I’ve never really talked about or broadcast my experience in a lucid and/or public manner – mainly because it was not a good time. However, a number of factors were, I think, at play: for example, 1) I had 8 hours of class a week – spread over 2 days(!), 2) term started after a four month summer, 3) my first two essays were to be handed one week after the other, 8 weeks into the term (that meant 6 months between completing any official university work), 4) I had a non-existent social life, 5) I had (and still, to an extent, have) a terrible sleeping pattern.

However, I do not pretend or think my experience is reducible to any of these factors – not at all. They contributed, no doubt – but they were not all. I went from consistently and easily getting more or less above average grades, to some of the worst grades I received. I went from finding the work I had to do, more or less, simple, to not knowing how to write, think, or articulate anything – seriously.

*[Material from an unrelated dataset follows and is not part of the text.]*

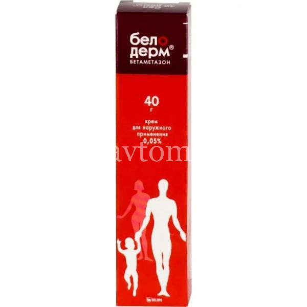 Фармакологическое действие ГКС для наружного применения. Оказывает противовоспалительное, противозудное, противоаллергическое, сосудосуживающее, антиэкссудативное и антипролиферативное действие. При нанесении на поверхность кожи, препарат оказывает быстрое и сильное действие в очаге воспаления, уменьшая выраженность объективных симптомов (эритема, отек, лихенификация) и субъективных ощущений (зуд, раздражение, боль). Фармакокинетика Данные о фармакокинетике препарата Белодерм не предоставлены. Показания Состояния, при которых эффективна терапия топическими ГКС, в т.ч.: &, -, атопический дерматит, &, -, нейродермит, &, -, аллергический контактный дерматит, &, -, экзема (различные формы), &, -, контактный дерматит (в т.ч. профессиональный), &, -, неаллергические дерматиты (в т.ч. солнечный и лучевой дерматит), &, -, реакции на укусы насекомых, &, -, псориаз, &, -, буллезные дерматозы, &, -, дискоидная красная волчанка, &, -, красный плоский лишай, &, -, экссудативная многоформная эритема, &, -, кожный зуд различной этиологии. Режим дозирования Препарат предназначен только для наружного применения. Крем или мазь для наружного применения наносят на пораженный участок кожи тонким слоем 2 раза/сут, слегка втирая. На участки с более плотной кожей (например, локти, ладони и стопы), а также места, с которых препарат легко стирается, препарат можно наносить чаще. Продолжительность непрерывного лечения обычно составляет не более 4 недель. Для профилактики рецидивов при лечении хронических заболеваний, терапию следует продолжать еще некоторое время после исчезновения всех симптомов. В течение года возможно проведение повторных курсов терапии. Крем для наружного применения применяется для терапии острых, в т.ч. мокнущих поражений кожи. Мазь для наружного применения предназначен для терапии подострых и хронических дерматозов, в т.ч. сухих, лихенизированных и елушащихся поражений, или в тех случаях, когда необходимо окклюзионное действие мази. Побочное действие Побочные эффекты, как правило, носят слабовыраженный характер. Дерматологические реакции: редко - реакции гиперчувствительности (зуд, жжение, гиперемия), акнеподобные изменения, гипопигментация, стрии, атрофия кожи, гипертрихоз, телеангиэктазии, вторичные инфекции кожи. При развитии реакции гиперчувствительности или побочных реакций препарат следует отменить. Противопоказания &, -, туберкулез кожи, &, -, кожные проявления сифилиса, &, -, ветряная оспа, &, -, вирусные инфекции кожи, &, -, кожные поствакцинальные реакции, &, -, открытые раны, &, -, трофические язвы, &, -, розацеа, &, -, вульгарные угри, &, -, детский возраст до 6 мес, &, -, повышенная чувствительность к бетаметазону или к любому из вспомогательных компонентов препарата. Применение при беременности и кормлении грудью Применение препарата Белодерм у беременных допускается в тех случаях, когда предполагаемая польза для матери превышает риск для плода. В таких случаях применение препарата должно быть непродолжительным и ограничиваться небольшими участками кожных покровов. В период грудного вскармливания применение препарата возможно по строгим показаниям, но при этом препарат нельзя наносить на кожу молочной железы перед кормлением. Особые указания Не рекомендуется длительное применение препарата на коже лица, т.к. возможно развитие розацеа, периорально

This all lead to not just some thoughts about, for example, “Oh, I’m rather stressed right now” but a serious hope that I might be killed or kill myself. My anxiety reached such critical levels that I genuinely considered and regularly thought about ending my life. No one knew. No one noticed. Besides my immediate family, that is. I was never encouraged to seek help. I never thought to. I tried to just push through – despite, you know, me – and that, funnily enough, made things worse. I wanted to quit. I wanted it over.

At the time, I felt totally isolated, not just from any friends I had, but also because the university system was and is constructed to distance itself from students’ lives. How could any of the staff or lecturers notice any meaningful change in my life and study – they rarely saw me!? Which is what they wanted, of course – who wants to deal with a student who has actual problems that don’t manifest in clearly physical ways? (Would they identify with that attitude personally? Probably not; but they were complicit insofar as they participate in a system that actively fails students and precipitates these forms and feelings of anxiety.)

Now, I have always been a fairly anxious person – that’s who I am. However, the quality and intensity of my anxiety, at this time of my life, reached such a form and level – in tandem with the factors specific to final year university – that the very nature of who I am was affected entirely. I have carried the wounds of that time with me since. I’ve never really got over the exact nature of the anxiety disorder that became amplified and fully manifest then. The anxiety I have found myself experiencing, on occasion, since, often approaches the same quality as that which I experienced then – the same thoughts, the same feelings. It’s still not fun, it’s still not good, at times, and I suspect it is mostly situational factors that stop my anxiety from reaching fever pitch levels again.

That said, I am several years on from that experience and life is different. Being and getting beyond that context has offered the possibility for moving beyond the nature of that exact form of anxiety, and I am thankful for that.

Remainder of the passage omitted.